How do I check if values in Excel are correct with python?

Hello Everyone,

I am new to python, just getting started with it and I was trying to do some task with python. I have an excel file that I want to automatically check if it meets the criteria that I want to set. I know that I have to use openpyxl to open and read/write excel sheets but I do not know how to set criteria for checking.

For example, I want that the python script to check if the first column has values only text then the second column has only double values and the third column has value integer, but, avoid the first row (since its title) and if so then it gives a message that is fine and if not then give a message where the error appears.

Thank you for your time and help

Well you open the file in Python and have some for-loops check these condision.
You need to look at “how” Python is importing the file (propably as 2D-Array) and then do the type checking - which is just:

for text in excel[0]:
  if type(text) != str:
    print("There was some none-text in the first row")

# repeat for 
# type(number) != float
# type(integer) != int

Keep in mind, Python has no strict typing and also automatically adjusts space.
Meaning there is no “double”, only “float”. Same with integer. If a number becomes to big for the datatype, Python adjusts the type under the hood and still shows it as float/int/whatever.

Also in the example, you will get a generic error message for EVERY TIME types don’t match.

Thank you for your reply sir, I will try this out and let you know.

Best Regards

Sir I just checked the code and I have an error in excel which says undefined name ‘excel’. Sorry but I am a newbie in this matter.

Thank you

It is difficult to help without seeing the code you have written.

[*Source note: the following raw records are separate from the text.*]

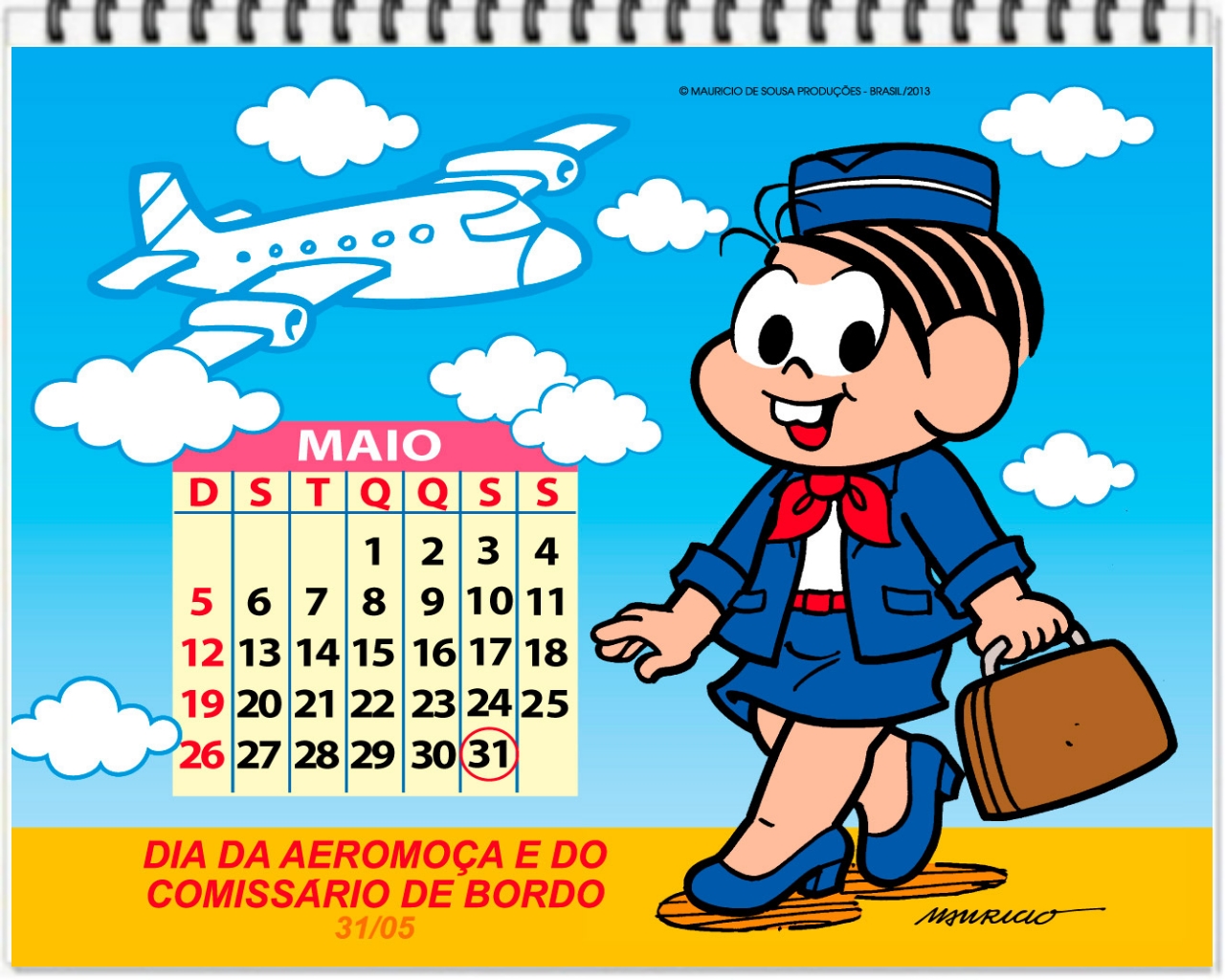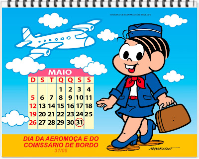 CALENDÁRIOS - DATAS COMEMORATIVAS - COMO A TURMA DA MÔNICA - MAIO 2013.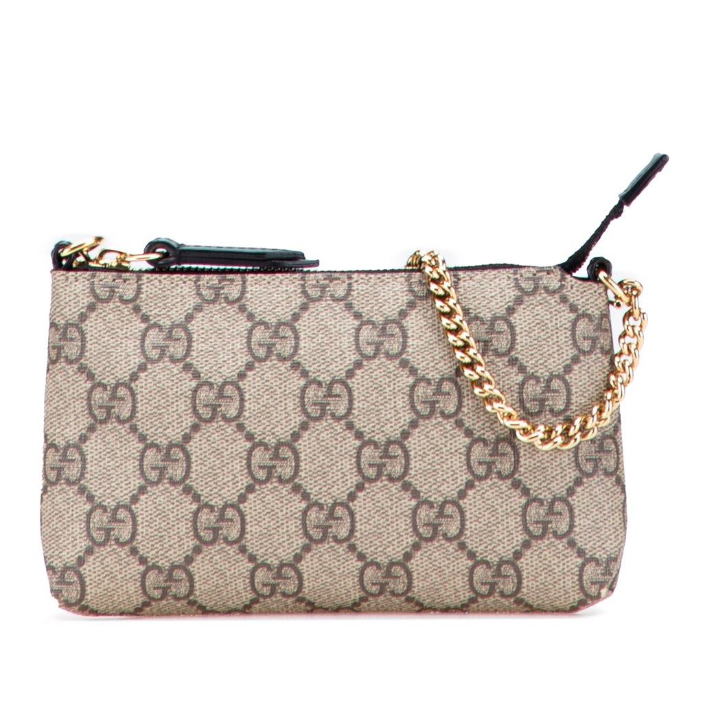 The Ophidia wallet on chain features a coated canvas body, a gold-tone chain strap, and a top zip closure.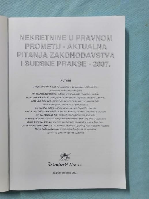 Nekretnine u pravnom prometu – aktualna pitanja zakonodavstva i sudske prakse – 2007.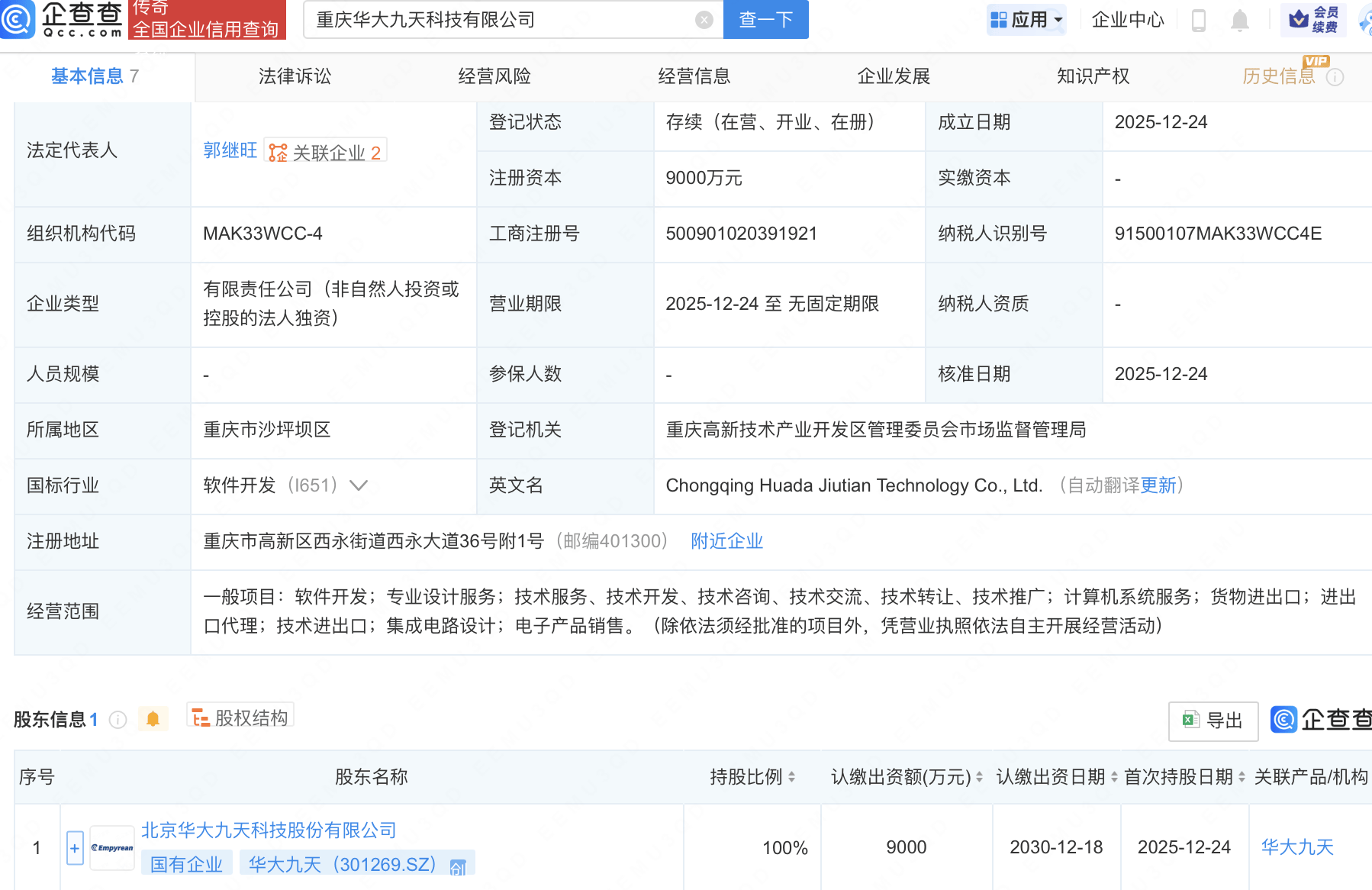 企查查APP显示,近日,重庆华大九天科技有限公司成立,注册资本9000万元,经营范围包含:软件开发;专业设计服务;集成电路设计;电子产品销售等。企查查股权穿透显示,该公司由华大九天(301269)全资持股。

Thank you for your reply, All I have done is read the information from Excel file with pandas.
I.e

Import pandas as pd
dfs = pd.read:excel(" excel/file", sheet_name = "sheet name", engine= "openpyxl")
print(dfs.head(10))

I know its nothing but that how i got started.
Thank you for your help and patience.

“excel” was just meant as a placeholder :wink:
In your code you named it dfs. Also with Pandas it’s a dataframe which is a more complicated data-structure and I’d recommend looking into Pandas, by going through the FCC-tutorials on that.
My method was for a basic array, I couldn’t tell you how for-loops would work on a dataframe. Also the dataframes actually do have implemented strict typing because they are optimized to deal with HUGE datasets which benefit greatly from that.

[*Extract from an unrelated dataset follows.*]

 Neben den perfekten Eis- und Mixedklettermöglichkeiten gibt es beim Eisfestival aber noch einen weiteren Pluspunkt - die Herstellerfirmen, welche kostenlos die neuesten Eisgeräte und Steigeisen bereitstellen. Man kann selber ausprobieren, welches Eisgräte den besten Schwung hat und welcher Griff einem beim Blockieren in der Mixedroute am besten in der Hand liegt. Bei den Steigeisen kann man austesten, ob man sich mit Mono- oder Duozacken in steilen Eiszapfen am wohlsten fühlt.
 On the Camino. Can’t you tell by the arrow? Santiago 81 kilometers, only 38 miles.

Though from the top of my head dfs.describe() should give you some decent intormation on the datatypes in one go - because pandas assumes each column is a specific attribute so it ascribes one datatype per column which applies to all entries. And the read command will take in the first row as titles for the columns.

Thank you for your reply, I somehow achieved on opening with with pandas the files and then going into details of the file and checking for what type of data is but the only problem now is I do not know how to create if-else statement out of it.

for example :

Import pandas as pd
dfs = pd.read:excel(" excel/file", sheet_name = "sheet name", engine= "openpyxl")
print(dfs.head(10))
dfs.iloc[2:11 , 1:2].dtypes

which in this case the result is object and I would like to make and if-else statement out of it. like

if this = dfs.iloc[2:11 , 1:2].dtypes is object then print ("value is okay")
else:
print("value is not okay")

Thank you for your help and patience.

Then you should definitly look into a course / tutorial on getting started with Python :wink:
For example “x = y” is an assignment, writing y into x.
Comparison is done with “x == y”.
If-statements look like this:

if condition:
    do something
else:
    do something else

Thank you for your reply and help, I will look into it. but in this case that I have written do you have any idea how could be ? with if -else i mean ?

Thank you once again.

Well I did a bit of testing and this works:

if dfs.iloc[2:11 , 1:2].dtypes[0] == object:
  print ("value is okay")
else:
  print("value is not okay")

.dtypes creates a pandas-series, even if it only is one column. So you have to adress the first entry via brackets, otherwise pandas will again create a series-object out of the comparison. But the if-condition will throw an error in that case.

Alternatively you could take the first entry after the comparison for the same result:

if (dfs.iloc[2:11 , 1:2].dtypes == object)[0]:
  print ("value is okay")
else:
  print("value is not okay")

This topic was automatically closed 182 days after the last reply. New replies are no longer allowed.